# New PM40



## wild cat mccane (Aug 19, 2007)

Love it. More accurate then me. Easily less recoil then my past PF9 9mm.

Amazing follow ups. at 10 yards i was hitting within 3 inches of my intended area in rapid fire. This is my 5 time to a range ever. 

I have only run 150 rounds through it, but was curious on a few things.
I emailed kahr and they said that they would clear up after break in...

-At times the trigger didn't reset. totally slack.
-when I ejected a chambered round, to fix the trigger, the rounds would have large gouging in the bullet head.

will this truly fix themselves? 

Love it by the way. I will work for this gun to work for me. So small, and I have no idea what gun 'experts' mean when they say the 40 is too stout compared to the 9mm. and I am a small guy at 5 foot 6 inches.


----------



## firemediceric (Oct 26, 2007)

I, too, am really pleased with my PM40. I thank the wife every day for buying the gun for me as a Christmas present.
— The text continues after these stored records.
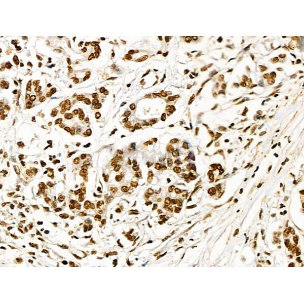 ab10676 at 1/100 staining Human pancreatic cancer by IHC-P. The sample was formaldehyde fixed and a heat mediated antigen retrieval step in citrate buffer was performed. The sample was then blocked and incubated with the primary antibody at 4°C overnight. An HRP conjugated anti-Rabbit antibody was used as the secondary antibody....
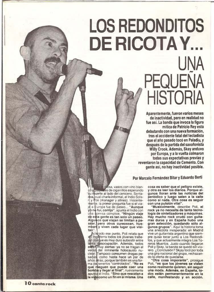 «Musicalmente, describe Poli, el rock ya no necesita de tanta tecnología de sintetizadores y máquinas. hay mucho rock crudo con guitarras duras y en España hubo una gran selección, quedando solo algunos grupos». Aquí la historia toma una anécdota inesperada: en Madrid vive un guitarrista argentino que siempre quiso tocar junto a Los Redonditos, y que actualmente integra Los Toreros Muertos. Justo cuando llegaron Poli y Skay, la banda se quedó sin violero. ¿Conclusión? Skay tocó por toda una gira nacional del grupo, rechazando la oferta de quedarse.
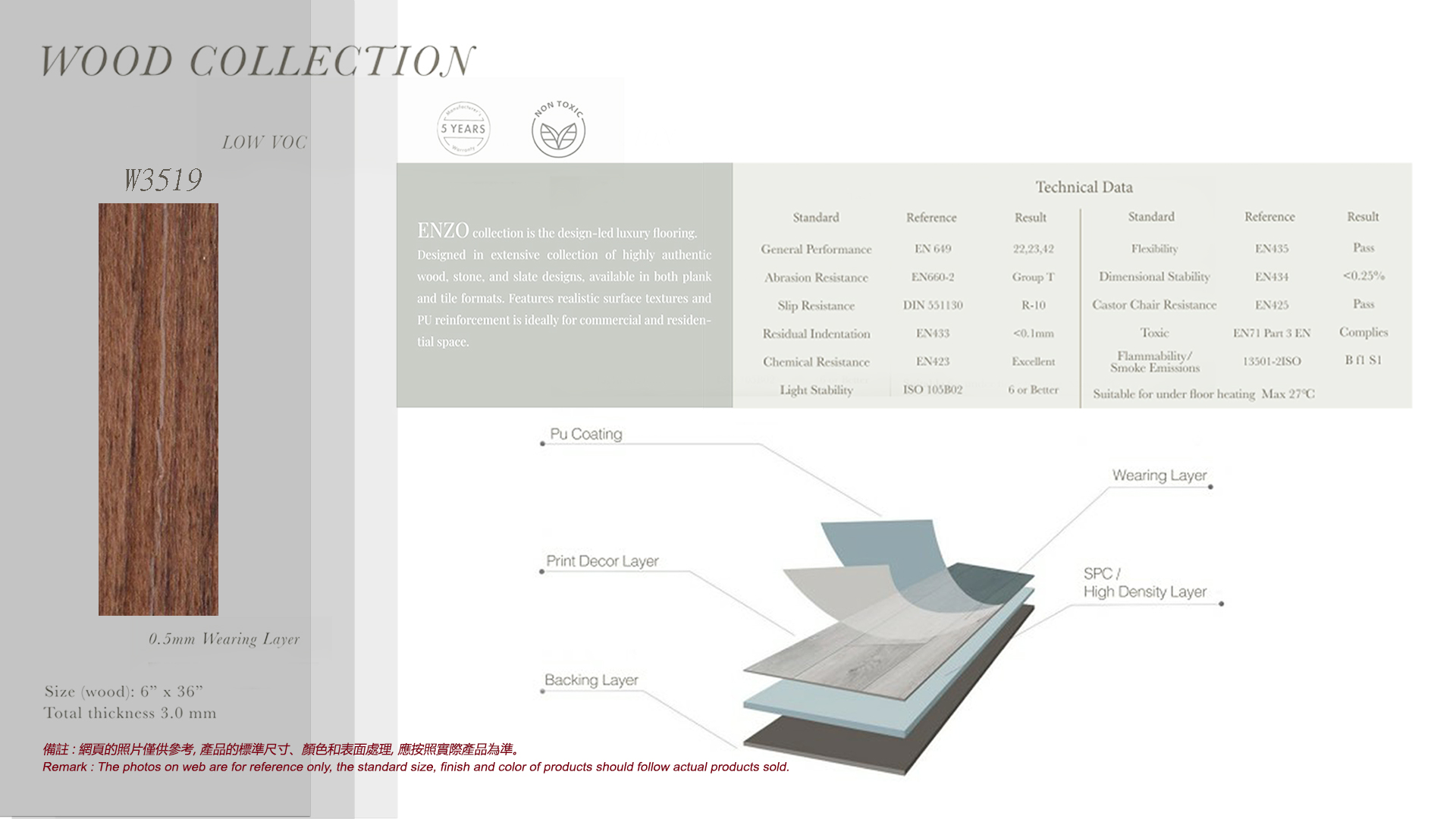 W3519 (LVT地板) - 耐磨層0.5mm (3.0mm厚軟身塑料)
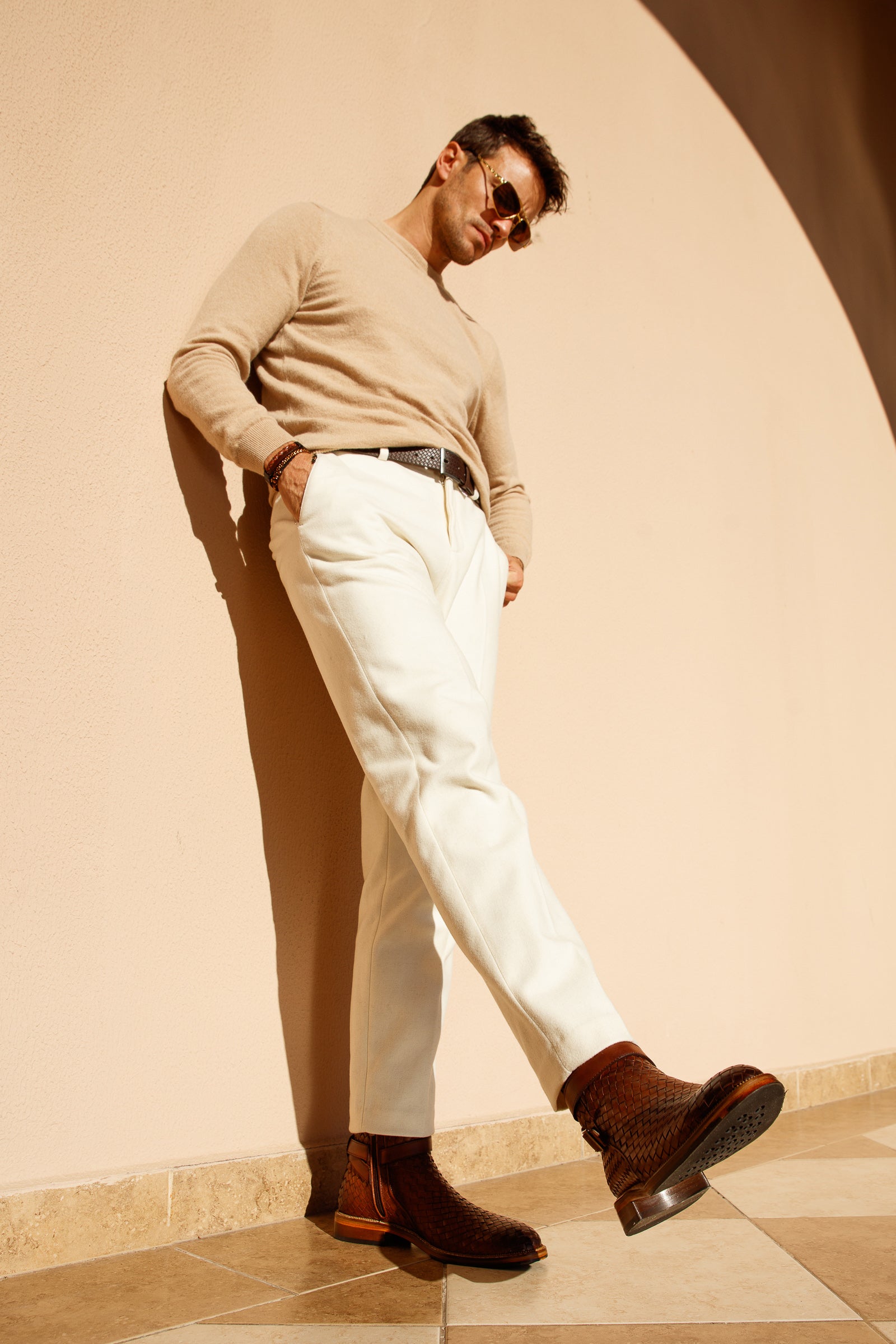 Enrich your footwear collection with the Morral Tan Handwoven Leather Cross Strap Buckle Zip-Up Men Boot, a masterpiece meticulously crafted from 100% premium calf leather using the artistry of handweaving and skilled craftsmanship.

I had a couple of problems in the first 100 rounds or so, but I'm really not sure if it was a problem with the weapon or if I was just limp wristing the gun as I had been at the range for a while by that time. Since running a couple of hundred rounds through the gun, and always concentrating on my form, I have not had an issue. I carry the gun everyday.


----------



## Wyatt (Jan 29, 2008)

Please update your reports as you break in your firearms. I'm in California and it is about the only viable pocket gun available out here, so I'm very interested in your opinions.


----------



## thinktwice (Aug 31, 2007)

I have a P-40 (pre-owned) that I purchased from my local guns shop. It was made in 2001 and has been 100% No problems at all. Very accurate for a small light handgun. Love it!


----------



## firemediceric (Oct 26, 2007)

Wyatt said:


> Please update your reports as you break in your firearms. I'm in California and it is about the only viable pocket gun available out here, so I'm very interested in your opinions.
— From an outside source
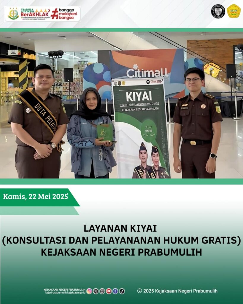 Bertempat di Citimall Kota Prabumulih, Jaksa pada Kejaksaan Negeri Prabumulih melakukan Pelayanan KIYAI (Konsultasi dan Pelayanan Hukum Gratis).
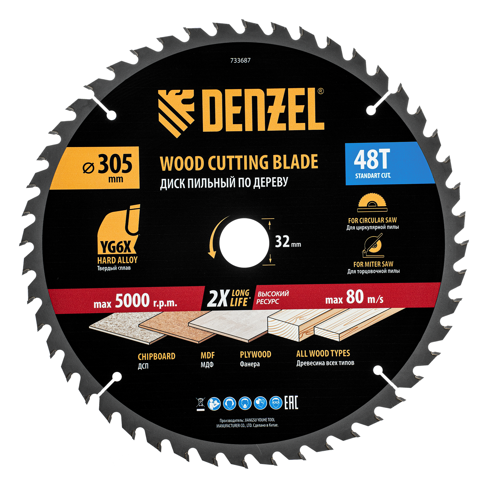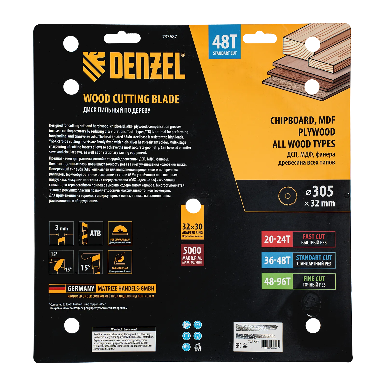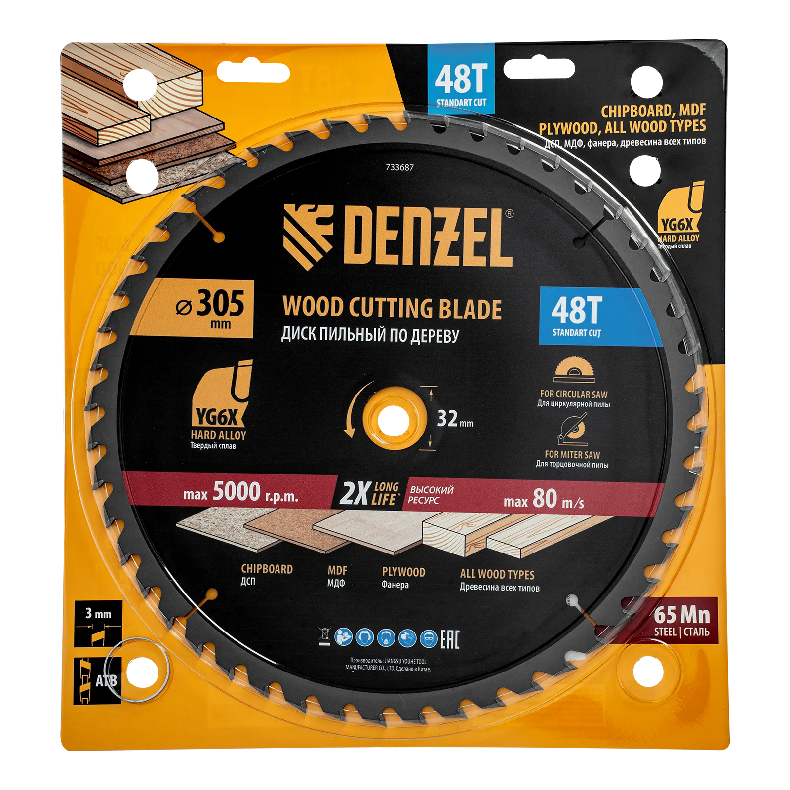 Пильный диск Denzel 733687 диаметром 305 x 32 мм, с 48 зубьями, предназначен для продольного и поперечного распила твердой и мягкой древесины, фанеры, МДФ, ДСП. 48 зубьев типа ATB с режущими пластинами оптимальной геометрии обеспечивают качественный рез. Тип реза — стандартный. Режущие пластины из твердого сплава YG6X сохраняют рабочие свойства при интенсивном использовании. Диск устанавливается на циркулярную, торцовочную пилу или на распиловочный станок. В комплект поставки входит переходное кольцо с 32 на 30 мм, что позволяет изменить посадочный размер и расширяет возможности использования диска.

I'm surprised this is a "viable" choice for Commifornia. I thought on the Left side of America you needed the hand gun to have an external safety.


----------



## Wyatt (Jan 29, 2008)

firemediceric said:


> I'm surprised this is a "viable" choice for Commifornia. I thought on the Left side of America you needed the hand gun to have an external safety.


Not that I know of. Glocks are also available in California and they don't have "external safeties". The Kahr PM's are certified for sale in both 9MM and .40 in California.


----------



## wild cat mccane (Aug 19, 2007)

update:

after 200 rounds I am still getting a trigger reset problem.
I called up kahr and just shipped it back.
UPS charged me 56 bucks! 
I threw the receipt into the package, am I going to get any back do you think?

I still love it, and can't wait to get it back. defiantly willing to work with it. Do hope it gets fixed.


----------



## wild cat mccane (Aug 19, 2007)

I sent it in the other day, and with sunday, and memorial day, I got it back today. that was like 2 days they could have had it. Amazing.

Trigger bar,striker replaced and the feed ramp polished. Does that some up the issue?

and I said that the larger mag may have been giving me issues. New one in the package, replacing the one I sent in.

The feed ramp is obviously better off. It looks a lot smoother. I kind of have to say though I am happy, this should be included in a nearly 700 dollar gun no?

No reimbursement of the shipping cost. bummer, since it is new.


Dissappointed by the cost of shipping, but the turn around time was great. Hopefully I will get time to make sure all is good


----------



## JeffWard (Aug 24, 2007)

I had a PM40 for quite a while. Now I carry a P-3AT for less than half the price... I polished my own ramp, and I had two mag followers break, which Kahr sent me 4 "improved" ones. Only a few FTF in the first 250 rounds, then it was fine...

I'm still considering a PM45, but I'm having a hard time investing $800+ in a gun that HAS issues, guarranteed.

I agree. For what Kahr gets for these buggers, you'd think they wouldn't have to service so many after the fact. I'd guess 50% of the Kahr owners on this forum have either sent them back for work, or for parts... Their customer service IS excellent, but I think it's because they get lots of practice...

I think I'm going to shoot over to Cocoa Beach, FL next week, home of Kel-Tec, and but in my order for a P-4T5...

Jeff


----------